Case and Control Differences. a Unpaired and paired t-tests reveal few case/control ratios that are significant in the targeted proteomics assays. b Volcano plots reveal protein analytes that characterize difference between case and controls (blue points) from shotgun LC-MS/MS measurements

Figure 6b shows ten proteins with both the largest absolute fold differences and most significant Benjamini-Hochberg corrected p-values from a parallel paired t-test analysis of the LC-MS/MS data. Amongst these top ten proteins, most are commonly observed in the blood but not previously explicitly linked to cancer-related molecular mechanisms.

Discussion

We evaluated three different types of assays (Fig. 1a) currently used for protein biomarker studies for their respective figures of merit and practical considerations. We found that each platform delivered varying degrees of depth and range for each individual analyte measured (Fig. 2), even in the cases where the two immuno-based assays claim to measure the absolute values of the same protein (Fig. 3). We found that platforms had inherent technical variation evaluated with technical replicates (Fig. 4); however, we were still able to detect biological signal that generally surpassed technical variation (Fig. 5a, c). Despite that most variability was captured by biological effects (Fig. 5c), paired and unpaired comparisons of pre-diagnostic case and control samples yielded 32 significant proteins (Fig. 6) with altered expression levels, with a limited subset previously reported to be associated with cancer. No proteins, however, retained statistical significance after false discovery correction. We conclude that technical, practical, and study design considerations are essential to maximize information obtained in limited pre-diagnostic samples of cancer patients.

The motivation for this study was to perform an exploratory investigation of technical and study design implications for identifying potential protein biomarkers in a small sample (n = 10) of pre-diagnostic breast cancer biospecimens. The pre-diagnostic plasma samples from the BCFR in this study – and human clinical cancer biospecimens in general – are often relatively limited in number and amount and difficult to come by. Thus one often arrives, as we did in this study, at a situation wherein there are multiple available technologies to analyze precious samples. It is therefore critical to understand the implications of technical choices, and to carefully design experiments to maximize information obtained.

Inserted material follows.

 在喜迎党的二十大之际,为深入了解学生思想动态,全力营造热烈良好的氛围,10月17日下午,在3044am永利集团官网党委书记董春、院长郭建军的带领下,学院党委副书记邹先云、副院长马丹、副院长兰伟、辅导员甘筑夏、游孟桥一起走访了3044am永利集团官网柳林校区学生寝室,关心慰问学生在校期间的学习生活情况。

In this study, we selected three different types of assays (Fig. 1a) currently used for protein biomarker studies. We evaluated each type assay for their respective merit and practical considerations. We leveraged specimens from matched sisters who remained cancer-free as controls and compared them to pre-diagnostic specimens of sisters who developed breast cancer within 2 years of providing the blood sample. Therefore, in addition to comparatively assessing the technical platforms, we also evaluated whether a paired design would bring more statistical power to account for confounding biological variability. Though modest in sample size, this study serves as a model pilot study and practical strategy to evaluate important factors before designing a larger study.

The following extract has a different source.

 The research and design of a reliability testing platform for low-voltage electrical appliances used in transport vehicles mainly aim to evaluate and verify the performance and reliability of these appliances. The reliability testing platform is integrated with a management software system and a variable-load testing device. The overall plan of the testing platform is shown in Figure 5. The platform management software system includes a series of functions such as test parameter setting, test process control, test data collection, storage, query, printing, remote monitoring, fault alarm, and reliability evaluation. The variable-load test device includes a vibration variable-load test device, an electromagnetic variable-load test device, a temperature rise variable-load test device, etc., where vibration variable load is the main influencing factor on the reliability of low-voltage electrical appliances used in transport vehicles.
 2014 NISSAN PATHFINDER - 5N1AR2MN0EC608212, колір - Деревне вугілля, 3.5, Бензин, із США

Each of the three methods evaluated in this study comes with their own advantages and disadvantages. The unbiased shotgun LC-MS/MS method not only avoids a constrained pre-selection of analytes of interest, but at the same time can also quantify many more proteins than targeted panels such as the Myriad-RBM and Olink platforms (Fig. 2a). However, LC-MS/MS and most other quantitative mass spectrometry-based methods provide relative rather than absolute quantitation. Absolute measurements require the use of internal standards, which is not feasible in an untargeted study of hundreds of proteins. In recent years, emerging mass spectrometry-based technologies [16] have started to build quantitative assays for larger numbers of proteins; however, these technologies require either a priori knowledge of analytes of interest, or peptide spectral libraries that still rely on data dependent acquisition methods as exhibited in this study. The LC-MS/MS approach is also more sensitive towards higher abundance proteins, thus impacted by a relatively large amount of missing data compared to the antibody-based approaches due to the inherent under-sampling of the mass spectrometer.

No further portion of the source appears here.